Needless to say, though... I quit not long after that... but all that experience does it make me really wonder if I would be any good in a 'normal' management situation... or if it is just too 'weird' to expect co-workers to at least try.
 
I know how you feel! Every job I've ever had, even if it was "stupid" I showed up on time, and did everything to the best of my ability. But I can't tell you how many times I've bickered with people over job performance, or been told to slow down, I was working too hard. Or whatever. It's not like I'm running around stressed out and frazzled, I work at a really comfortable pace for myself. Same pace I work at home doing chores. But for most people, I guess it is fast. The best compliment my dad ever paid me was saying I was really efficient. I'm not working too fast, if I was, my work would be riddled with mistakes, and it isn't. I've had a lot of managers and trainers follow behind me double checking, like they couldn't believe I was getting it done right at that pace. Sorry, just how my brain works. If I slow down to a normal pace, I get bored. Then I get distracted and start day dreaming. Then my work is no better than anyone else's who plays solitaire half the day.

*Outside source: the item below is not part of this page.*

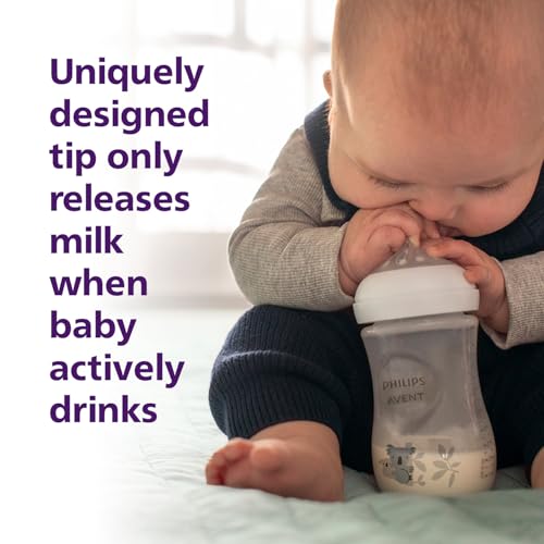 Embrace the Philips Avent Natural Response Baby Bottle SCY903/67 a breakthrough in baby care for parents and little ones transitioning from breast to bottle. Adorned with an adorable koala pattern this 260ml baby milk bottle is designed to respect the unique feeding patterns of babies aged 1 month and above making it a perfect blend of form function and fun. The Philips Avent SCY903/67 is intended for the modern parent looking to combine the benefits of breastfeeding with the convenience of bottle-feeding. The wide breast-shaped nipple with a soft feel is designed to encourage natural latch making it easy for babies to combine breast and bottle feeding. The bottle's anti-colic valve is engineered to prevent colic and discomfort by keeping air away from your baby's tummy. With its ergonomic design the Philips Avent SCY903/67 bottle is easy to grip from any angle providing maximum comfort for both you and your baby. The range of flow rates accommodates your baby's growth and the evolving feeding pattern. Plus the wide neck of the bottle and the minimal number of parts make filling and cleaning effortless. Philips Avent Natural bottles and nipples are made from BPA-free materials ensuring safety and quality for your child. The SCY903/67 model is designed to be different from traditional free-flow bottles offering a more natural feeding experience that may take a little getting used to â just like with breastfeeding. The package includes one 9oz/260ml baby bottle designed to make feeding times comfortable natural and joyful.

I'll get hired to do one thing, and then they'll realize what I'm doing, and move me. From register to warehouse. From phones to filing and restoring order. I'm also REALLY bad about expressing any boredom I have and seeking out additional responsibility. That really irks the co workers. But I'm just no good at twiddling my thumbs! I would rather get my work done in the morning and take the rest of the day off, than set there and try to fill 8 hours with 3 hours of work.

Imagine how much money companies would save on payroll if they only hired people like us. Can't tell you how many morons I have worked with, who fell behind, creating mandatory over time, so I really was sitting there, for time and a half, day dreaming. Sometimes I'd get lucky and I could help someone, or get put to work in some other capacity when I was done with what I was hired to do.

My dad and brother both have the same work ethic. Brother got promoted this year to Lead Maintenance Supervisor. At 25 years old. At the other factories within the company, the guys holding that title are in their 40's and up. But he fills the role of like 4 people. Dad too got promoted this year. They're sending him to Germany in May to see some new Audi models and test drive them. He's crazy excited about it, but his co workers... not so much. Technically, he's still the new guy. But there he is promoted and off on the coveted Germany trip.

Good work ethics have perks, I don't know why other people insist on doing the bare minimum. Or worse, brown nosing and being a suck up and performing well only when the bosses are watching. Only to be caught napping when the boss does a surprise visit.
 
I will not allow myself to get started into this topic...it has been a big problem for me for years. I will therefor keep this short.

1. I go to work to WORK. Not to meet and make friends.

2. I get paid to work - not to play with photos on facebbook, winge, complain, belittle people, play computer games, or just waste time in general .

3. I recently got a promotion- and two people cannot keep up with the work I used to do in my own.

4. I nearly didnt get the promotion as management were worried about my " moodiness" Ok...they call it moodiness- I call it UTTER FRUSTRATION from working with mindless robots who no longer care or take pride in the little work they do each day.


TajMaChicken At the end of a day- no matter what you do- if you can sleep well at night knowing you are earning your money then thats all you can do. Worrying about others and what they do all day can be very stressful. At the moment - I find it hard to concentrate as I am learning a new and very technical role- and the " young ones" just want to play around. I am trying to block out their conversations so I can concentrate- it can be hard a times- but I really have no interest in the self centered gossipy conversations they have.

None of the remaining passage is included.